Hinge elements being glued in place.

Another view.

I then made two pins, approx' 0.5mm in diameter, and roughly 6mm long. These go through the little tubular sprue sections, forming the hinges. Getting these in was tricky, as the central holes weren't perfectly aligned. But with a little gentle persuasion I managed it. This first attempt resulted in one fully functional hinge, and one which failed. 

Sliding the pins into the hinges.

The hinge that failed is on the right in the above picture (and is the upper hinge in the photo below).
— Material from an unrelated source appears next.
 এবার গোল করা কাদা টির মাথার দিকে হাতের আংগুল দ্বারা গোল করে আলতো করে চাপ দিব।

What happened was the central tubular piece got glued to the outer two pieces, resulting in one big block, which then sheared off from the bridge when I attempted to test the moving parts.

I decided to try and keep the successful hinge, and remove the central part of the failed one, and work on it - reducing the width a fraction and widening the central hole by 0.1mm - before re-assembling it. I also reinforced the central tubular parts on both sides of the bridge, as these are the weakest, and most likely to fail.
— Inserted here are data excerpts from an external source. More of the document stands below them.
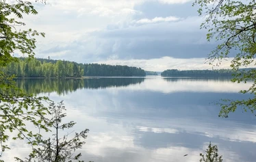 Länsiranta, järvinäkymä auringonlaskun suuntaan, hiekkapohjainen uimaranta
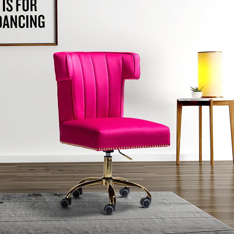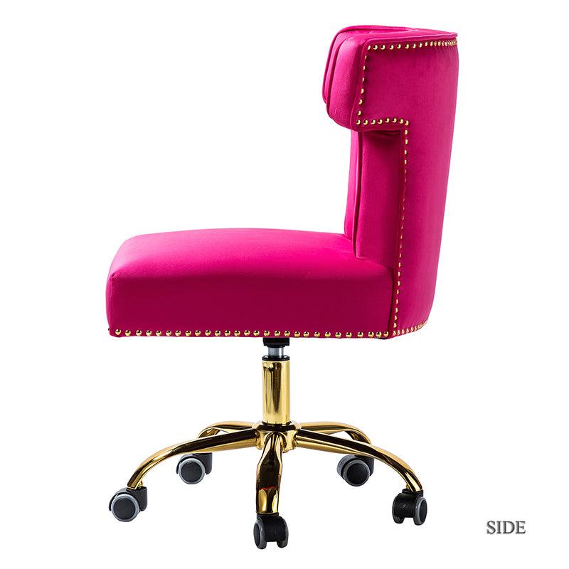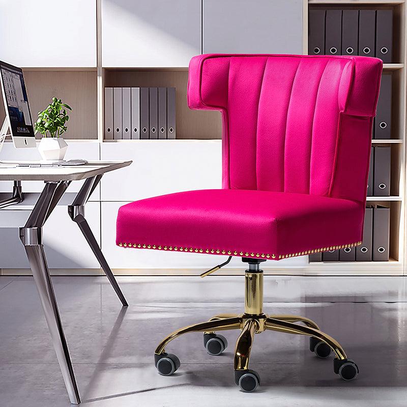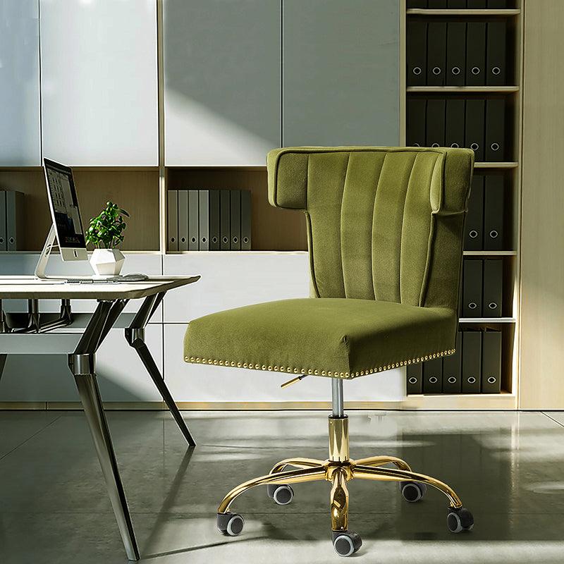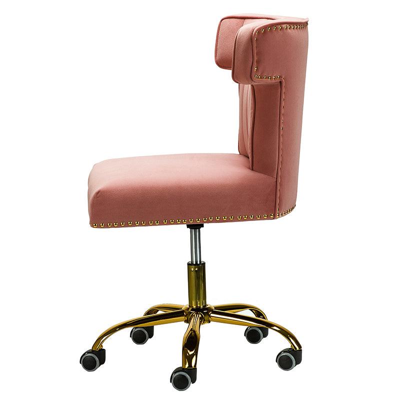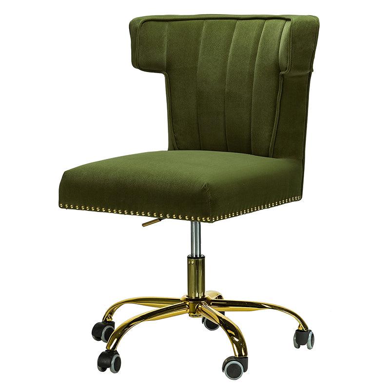 A well-edited workspace calls for a carefully-curated chair and this design takes the cake! The bright and colorful finish will blend with most color palettes. Its classic design along with wingback and gleaming nail-head trim makes this chair a must-have in your home office.
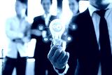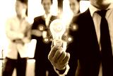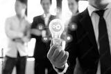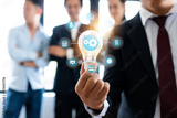 Business man holding light bulb with connection line icon with teamwork background, brainstorming and creative innovation concept
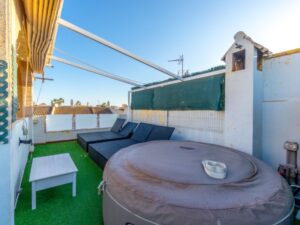 This is truly a stunning town house,the residence is located in Aguas Nuevas with an impeccable view.The home has 3 bedrooms , 2 full bathrooms , independent kitchen , solarium and a large garden . The property has been renovated.The accommodation is sold fully equipped and partialy furnished.Located close to all amenities such as restaurants, supermarkets, commercial centers, shopping center TorreMarina center is only 550 meters from the residence and the weekly market of Torrevieja, also not far from the residenceClose to La Mata beach and the beach of Los Locos.The area is well known for its large and beautiful green zones.There are several bus stops in the area, which bring you to the center of Torrevieja or to La Mata beach if you do not want to walk.Only 35 minutes by car to Alicante airport.ABOUT TORREVIEJATorrevieja is a city in the province of Alicante in the region of Comunidad Valenciana in Spain. The city is a popular tourist destination located about 40 minutes drive from the city of Alicante and the airport. Torrevieja was originally a small fishing village, and is today one of Europe's largest salt producers, Torrevieja has previously been called 'salt town', but in recent years the city has also been called 'sports town', due to the large sport arenas that have been built in recent years. As a result of this fantastic initiative, Torrevieja will be one of four organizational cities during the Women's Handball World Cup in 2021.When staying in Torrevieja, you are a short walk to white, elongated sandy beaches with a 'blue flag' stamp, as an indication of, among other things, high water quality. In the immediate vicinity and often 'right outside' the door you will find a large selection of local shops, restaurants, cafes, shopping malls, green parks, the port and the promenade. If you are looking for an area with life all year round and a healthy microclimate with 320 days of sunshine a year, this may be for you.This one should be experienced.€235,000 + taxesShared expenses: approx. 30€ per monthRubbish fee €21.36 x 2 times per yearTax: 276.77€ per year
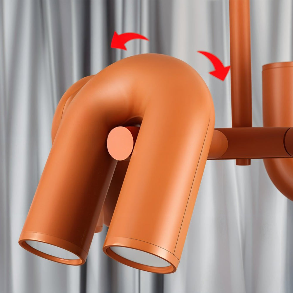 Adjustable U-shaped modules in a vibrant finish offer customizable illumination and a playful touch — perfect for modern living rooms or creative spaces.

The hinges, glued, ready for testing.

Below is the dis-assembled hinging mechanism. The two hinges have been very slightly worked on, in particular the upper of the two, i.e. the one that failed. I'll give that a good few hours to cement. And then I'll re-insert the metal pins, and hope that the hinges won't break! I'm thinking I may add end-caps to either one or most likely both sides of the hinges as well, to prevent the pins from working their way out.

Dis-assembled, working on fixing the failed upper hinge.

Patience is paramount! I must give the repaired hinge time to really set. It's not easy to leave it alone! If I'm successful, the next thing is either mounting the whole bridge to the tank, or painting both tank and bridge before attempting to do so. Hmm!? I reckon the latter is probably the more sensible option... but... 


  1. I'm confident this will work out better then fine. Coming along nicely.

  2. Thanks UG. My second attempt wound up failing in exactly the same way the first did, alas. But, whilst I may be less confident than you, it's great to get positive feedback. So thanks! I shall try again tomorrow. Third time lucky, perhaps?